**Task:** From the first line to the last, repeat the data exactly and drop the pictures.

**Data shown:**
◆ ◆ ◆ ◆
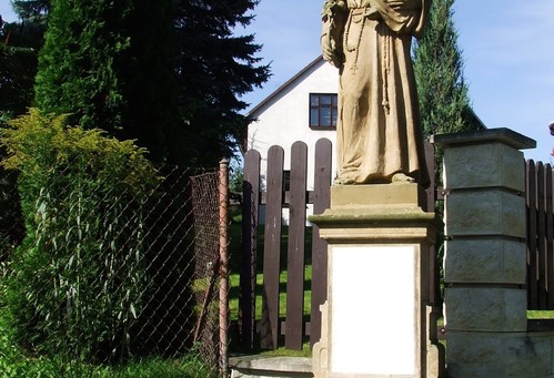 Socha znázorňuje muže s růžencem a dítětem.
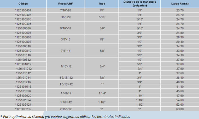 Terminal SAE J516 tipo macho fijo, asiento macho 37º, rosca UNF.
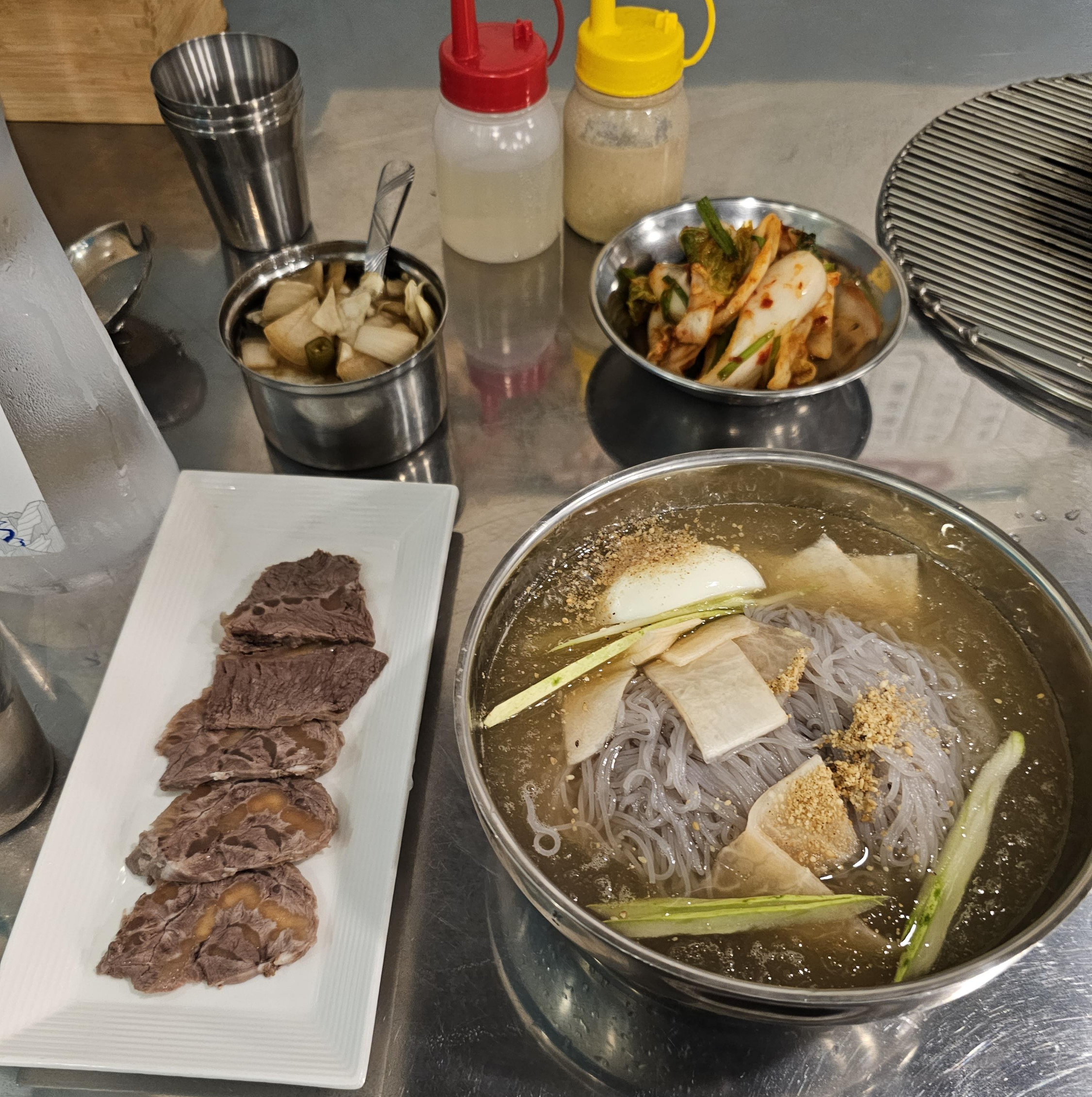 겨자와 식초를 뿌려서 먹는데 의외로 김치와 잘 어울려서 신기했네요. 식초가 다시마 식초라고는 하는데 사실 일반 식초와의 차이는 잘 못 느꼈습니다. 전체적으로 무난한 물냉면이었습니다. 양도 괜찮았고, 요즘 물가 생각하면 가격도 괜찮은 것 같네요. 고기가 맘에 들어서 올여름 안에 이번에 안 먹어본 비빔냉면을 먹으려 재방문할 것 같네요.
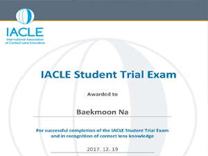 매해 전 세계 안경광학 학부 전공자들이 동시에 실시하는 IACLE STE(콘택트렌즈 인증)에 응시하고 있으며, 연속하여 100% 합격하고 있습니다.
◆ ◆ ◆ ◆
**Result of the exercise:**
 Socha znázorňuje muže s růžencem a dítětem.
 Terminal SAE J516 tipo macho fijo, asiento macho 37º, rosca UNF.
 겨자와 식초를 뿌려서 먹는데 의외로 김치와 잘 어울려서 신기했네요. 식초가 다시마 식초라고는 하는데 사실 일반 식초와의 차이는 잘 못 느꼈습니다. 전체적으로 무난한 물냉면이었습니다. 양도 괜찮았고, 요즘 물가 생각하면 가격도 괜찮은 것 같네요. 고기가 맘에 들어서 올여름 안에 이번에 안 먹어본 비빔냉면을 먹으려 재방문할 것 같네요.
 매해 전 세계 안경광학 학부 전공자들이 동시에 실시하는 IACLE STE(콘택트렌즈 인증)에 응시하고 있으며, 연속하여 100% 합격하고 있습니다.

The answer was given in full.